_WHAT YOU HAVE TO DO_
Could you restate the data below word for word, without its pictures?

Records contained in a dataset
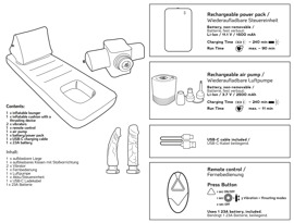 Includes 1 x inflatable bed with a backrest, 1 x inflatable part with a thruster and a comfortable leg rest, 1 x rechargeable control unit, 1 x rechargeable air pump, 1 x USB-C cable, 1 x remote control including a battery (23A), 2 x vibrator.
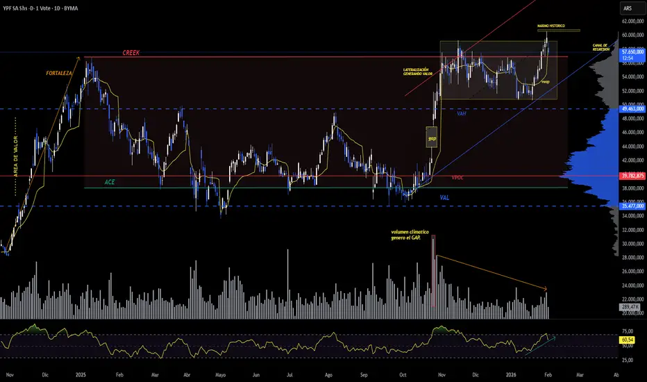 YPFD en reacumulación: tras el máximo histórico vuelve al Creek y lateraliza generando valor con el VWAP como eje.
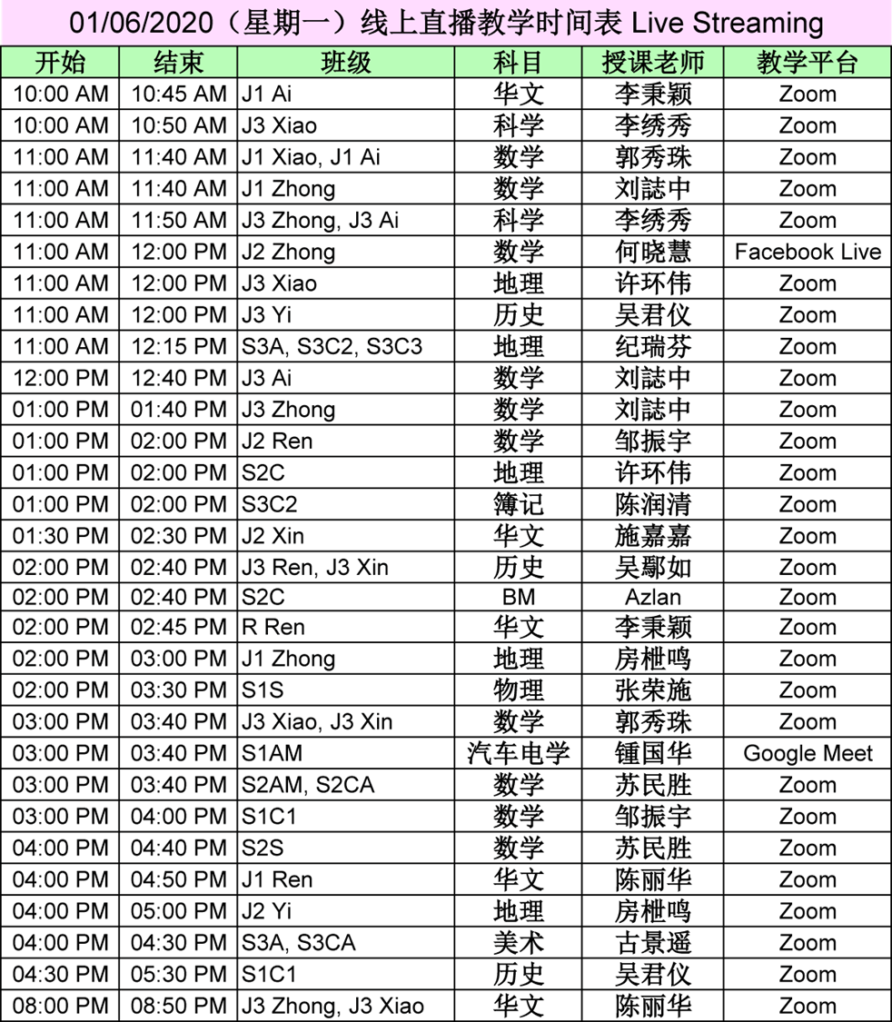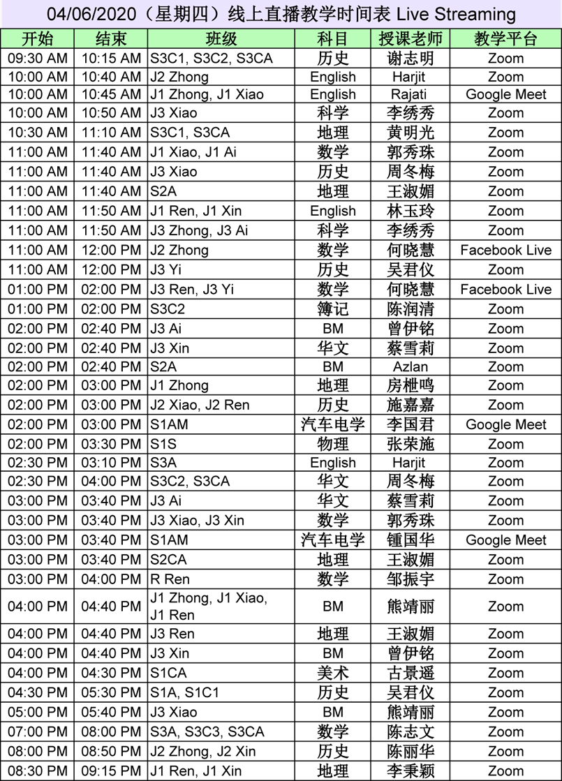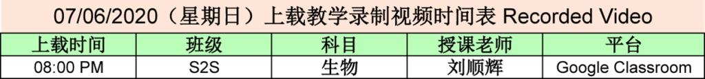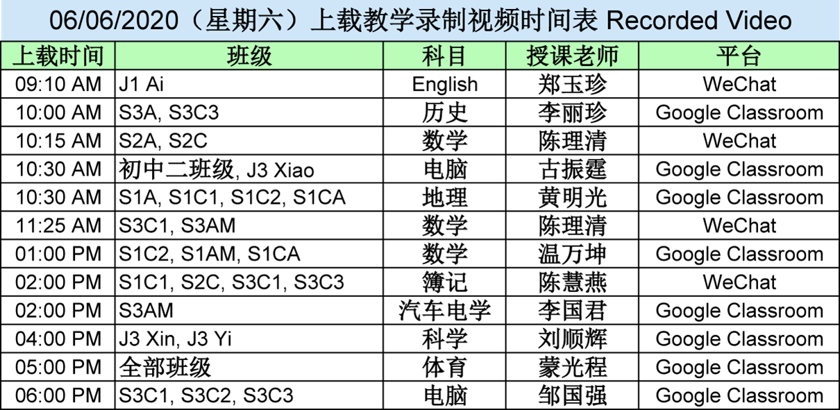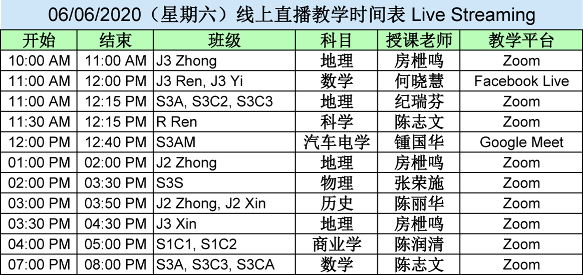 【01.06.2020~07.06.2020】“线上直播教学” 和 “上载教学录制视频” 时间表
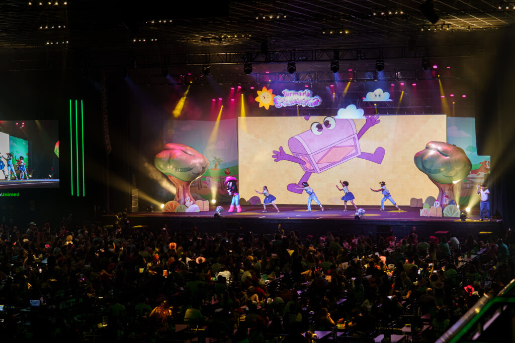 Marcado por interações, conteúdo educativo e magia, a apresentação trouxe músicas autorais marcantes como “Ovinho Mexido” e “Vogais”. Hits da turminha que estimulam a conscientização da escrita, da diversão de poder se expressar por meio da dança e de bons hábitos, como escovar os dentes. Todo o projeto é preparado por especialistas.
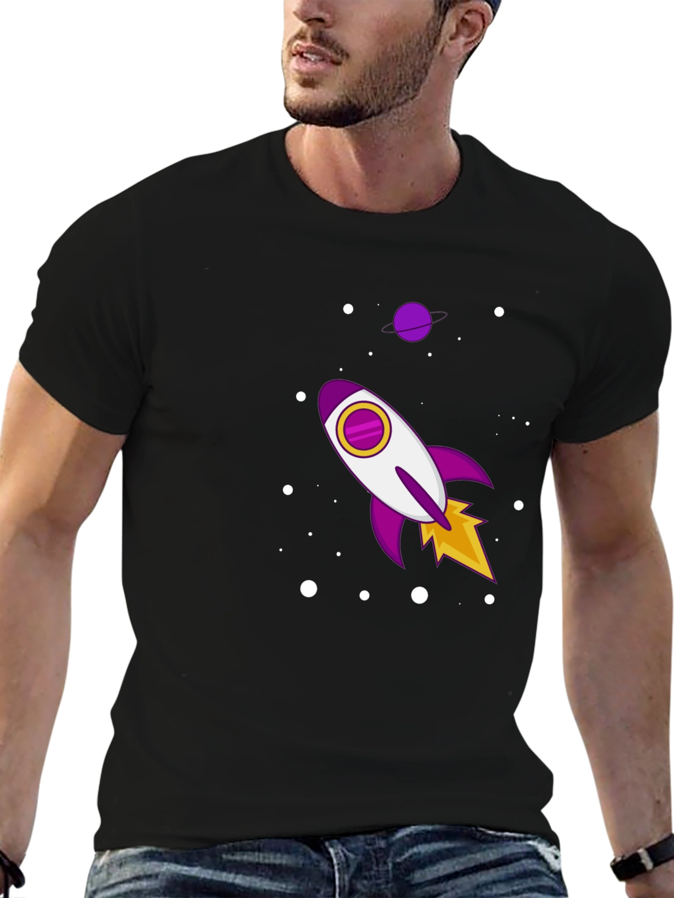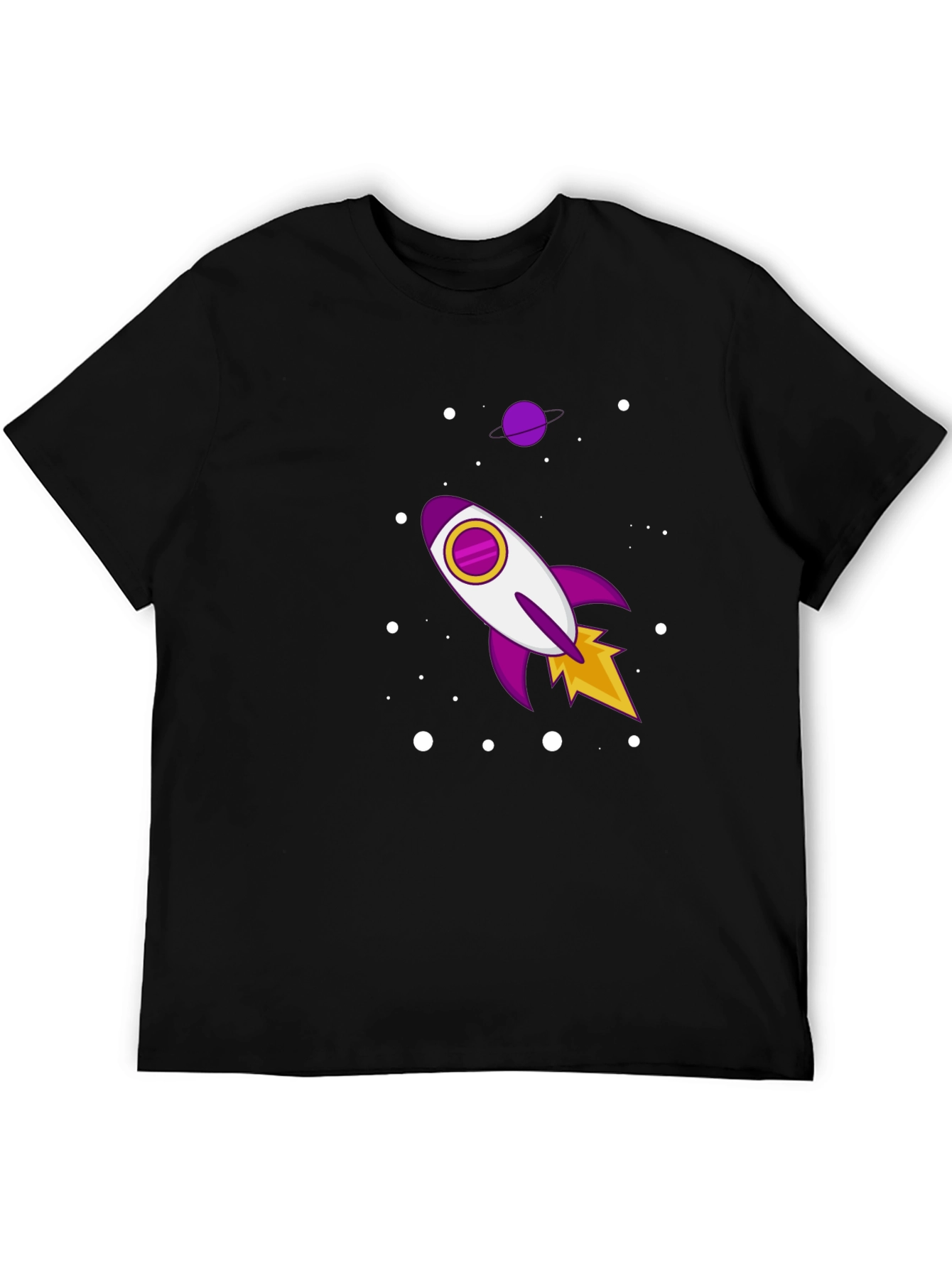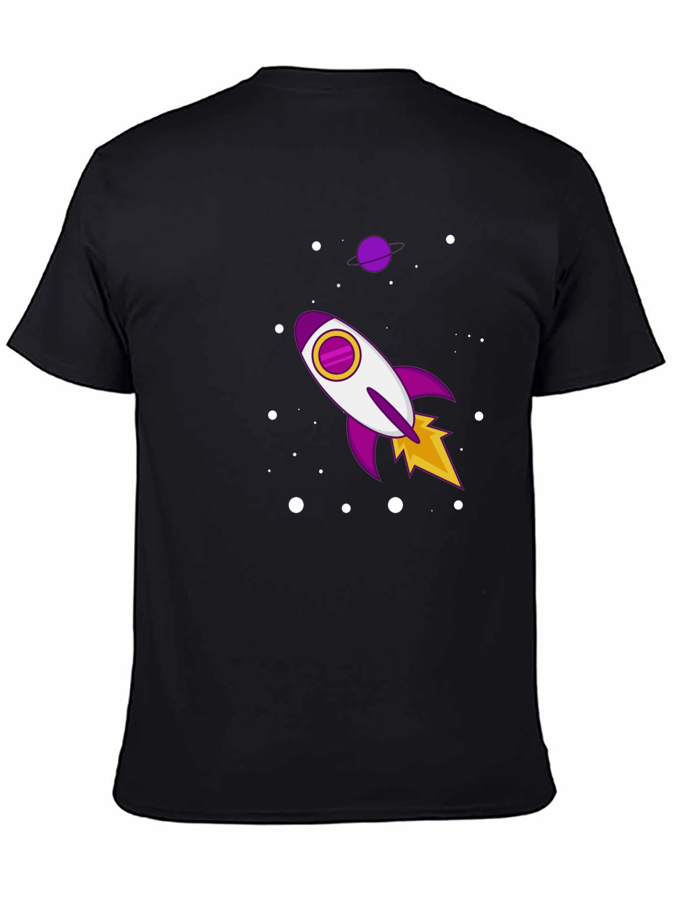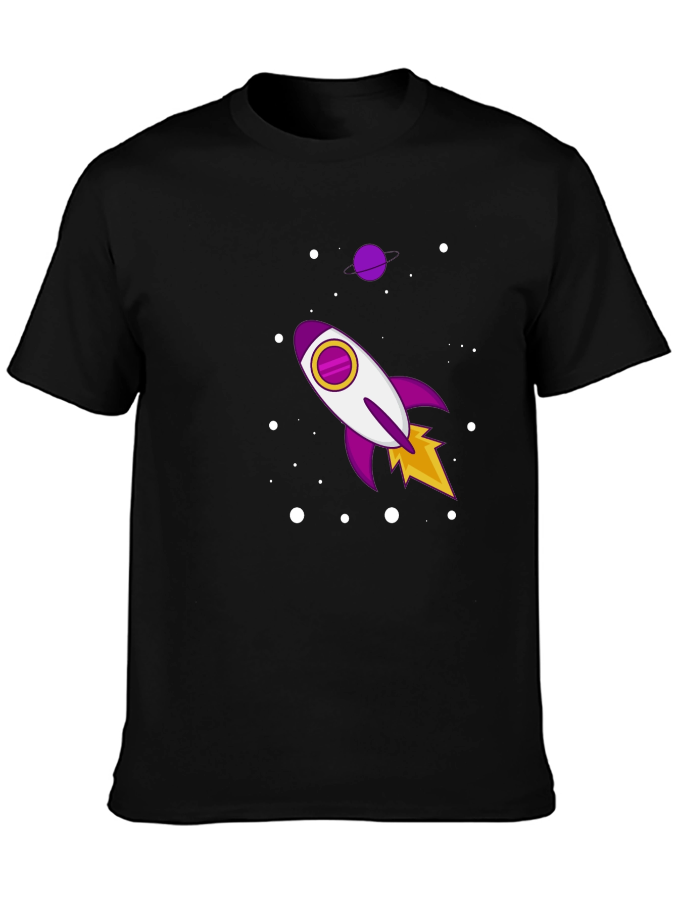 Eleva tu estilo con esta camiseta negra de manga corta. Confeccionada en tela suave al tacto, esta camiseta presenta un diseño llamativo de un cohete espacial en tonos morados, blancos y amarillos, rodeado de puntos blancos que simulan estrellas. Perfecta para los amantes del espacio y la moda, esta camiseta casual es ideal para usar a diario, ya sea para salir con amigos o simplemente relajarte en casa. Su diseño único te permitirá destacar y expresar tu personalidad de manera divertida y original. ¡Atrévete a lucir diferente con esta prenda!
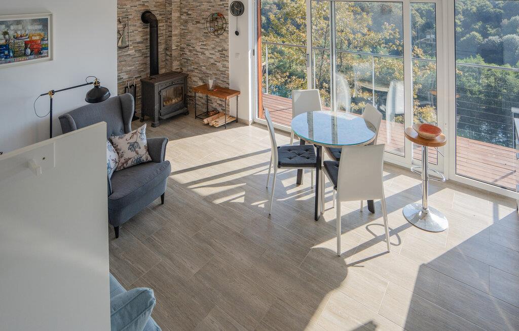 Glæd jer til en uforglemmelig ferie i dette skønne feriehus, der lægger op til jer afslapning og ny energi. Rejs hertil som par, en lille familie eller med venner og lad jeres hektiske ferie ligge bag jer. I kan nyde moderne indkvartering midt i idylliske omgivelser. Oplev komforten ved at bo med brændeovn, panoramavinduer og flotte møbler. Altanen udvider jeres opholdsrum udenfor. Slap af i boblebadet eller slap af på verandagyngen med fantastisk udsigt over floden. I kan også bruge saunaen efter at have gået de få meter ned til floden og taget en frisk svømmetur.
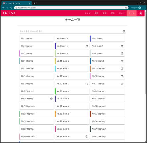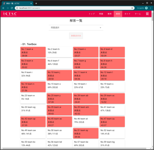 1. 画面上部の「解答」をクリックすると、問題毎の各チームからの解答を見ることが出来ます。
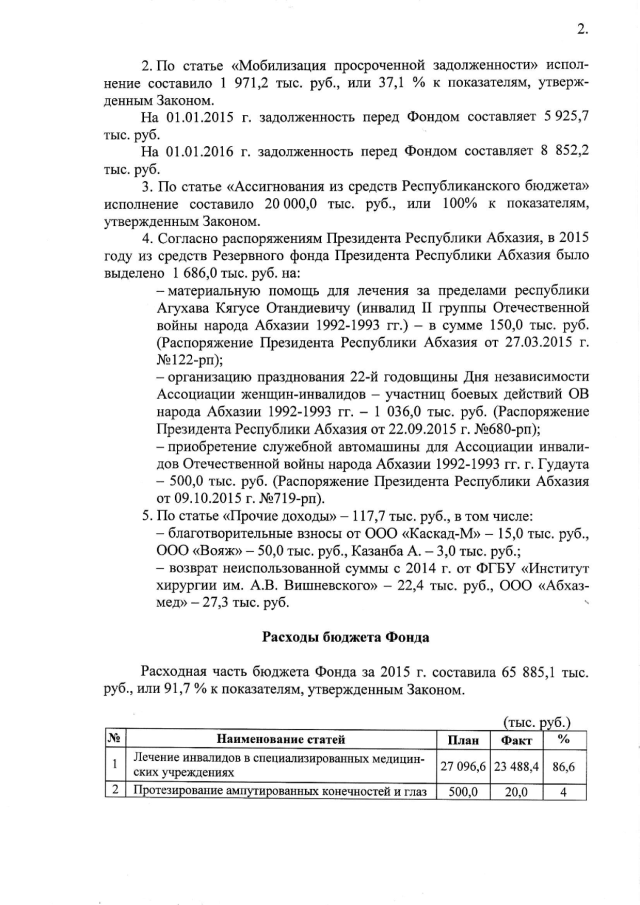 Постановление Кабинета Министров Республики Абхазия от 25.03.2016 № 33 "Об исполнении бюджета Государственного внебюджетного фонда инвалидов Отечественной войны народа Абхазии 1992-1993 гг. за 2015 год"
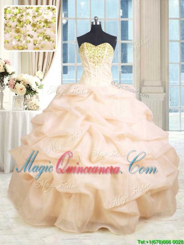 Sumptuous Peach Sleeveless Organza Lace Up Quinceanera Gown for Military Ball and Sweet 16 and Quinceanera - Magic Quinceanera
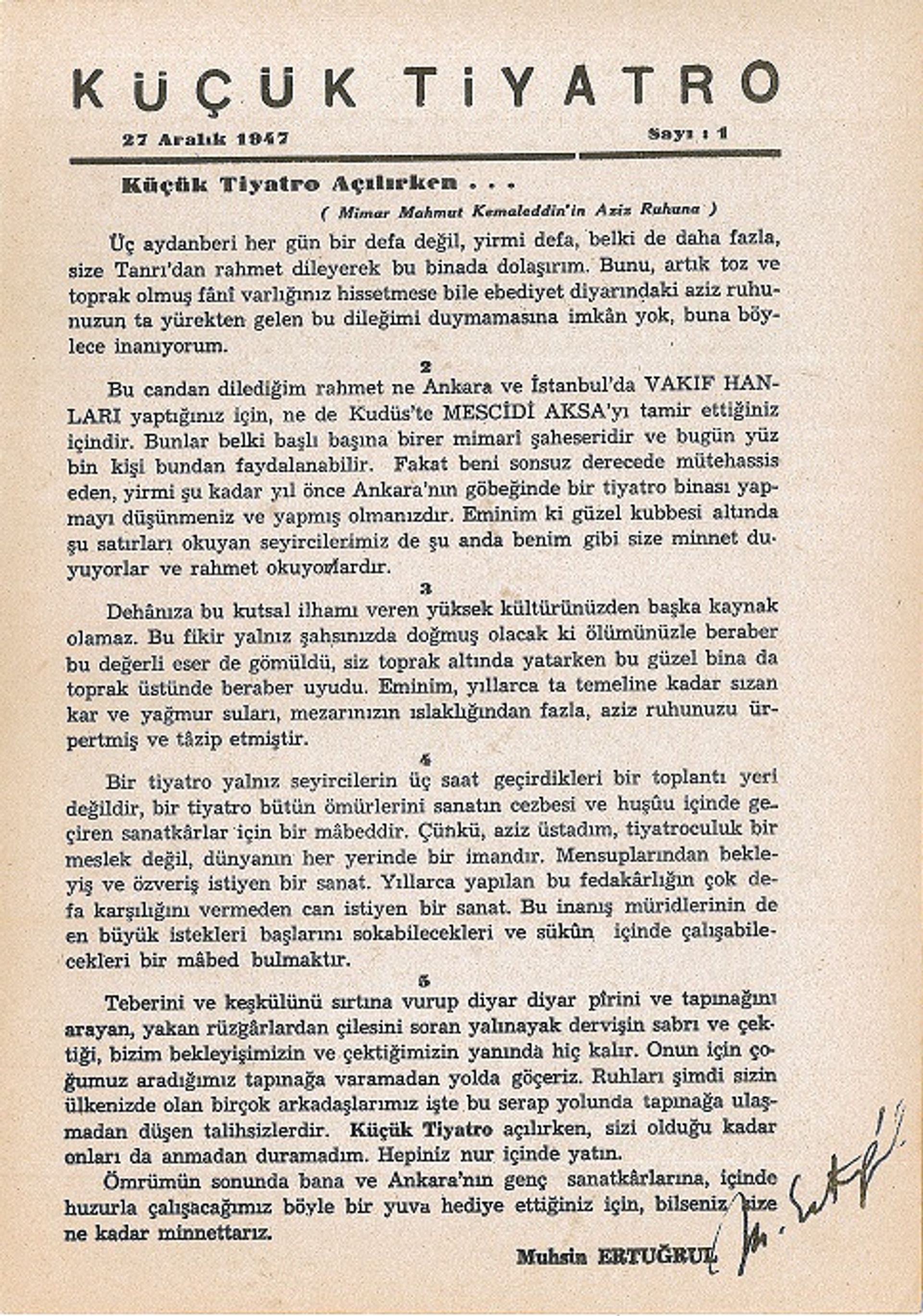 Ertuğrul, hemen çalışmalara başladı ve Atatürk’ün Ankara’ya gelişinin yıldönümü olan 27 Aralık 1949 günü binanın açılışı tamamlandı. Bir yerli temsille, Ahmet Kutsi Tecer’in Köşebaşı oyunuyla perdelerini açtı. Muhsin Ertuğrul o gün için çıkardıkları özel dergiye bir giriş yazısı yazdı, binanın mimarı Kemalletin Bey’e hitaben yazılmış bir mektuptu bu...

_ANSWER SPACE_
 Includes 1 x inflatable bed with a backrest, 1 x inflatable part with a thruster and a comfortable leg rest, 1 x rechargeable control unit, 1 x rechargeable air pump, 1 x USB-C cable, 1 x remote control including a battery (23A), 2 x vibrator.
 YPFD en reacumulación: tras el máximo histórico vuelve al Creek y lateraliza generando valor con el VWAP como eje.
 【01.06.2020~07.06.2020】“线上直播教学” 和 “上载教学录制视频” 时间表
 Marcado por interações, conteúdo educativo e magia, a apresentação trouxe músicas autorais marcantes como “Ovinho Mexido” e “Vogais”. Hits da turminha que estimulam a conscientização da escrita, da diversão de poder se expressar por meio da dança e de bons hábitos, como escovar os dentes. Todo o projeto é preparado por especialistas.
 Eleva tu estilo con esta camiseta negra de manga corta. Confeccionada en tela suave al tacto, esta camiseta presenta un diseño llamativo de un cohete espacial en tonos morados, blancos y amarillos, rodeado de puntos blancos que simulan estrellas. Perfecta para los amantes del espacio y la moda, esta camiseta casual es ideal para usar a diario, ya sea para salir con amigos o simplemente relajarte en casa. Su diseño único te permitirá destacar y expresar tu personalidad de manera divertida y original. ¡Atrévete a lucir diferente con esta prenda!
 Glæd jer til en uforglemmelig ferie i dette skønne feriehus, der lægger op til jer afslapning og ny energi. Rejs hertil som par, en lille familie eller med venner og lad jeres hektiske ferie ligge bag jer. I kan nyde moderne indkvartering midt i idylliske omgivelser. Oplev komforten ved at bo med brændeovn, panoramavinduer og flotte møbler. Altanen udvider jeres opholdsrum udenfor. Slap af i boblebadet eller slap af på verandagyngen med fantastisk udsigt over floden. I kan også bruge saunaen efter at have gået de få meter ned til floden og taget en frisk svømmetur.
 1. 画面上部の「解答」をクリックすると、問題毎の各チームからの解答を見ることが出来ます。
 Постановление Кабинета Министров Республики Абхазия от 25.03.2016 № 33 "Об исполнении бюджета Государственного внебюджетного фонда инвалидов Отечественной войны народа Абхазии 1992-1993 гг. за 2015 год"
 Sumptuous Peach Sleeveless Organza Lace Up Quinceanera Gown for Military Ball and Sweet 16 and Quinceanera - Magic Quinceanera
 Ertuğrul, hemen çalışmalara başladı ve Atatürk’ün Ankara’ya gelişinin yıldönümü olan 27 Aralık 1949 günü binanın açılışı tamamlandı. Bir yerli temsille, Ahmet Kutsi Tecer’in Köşebaşı oyunuyla perdelerini açtı. Muhsin Ertuğrul o gün için çıkardıkları özel dergiye bir giriş yazısı yazdı, binanın mimarı Kemalletin Bey’e hitaben yazılmış bir mektuptu bu...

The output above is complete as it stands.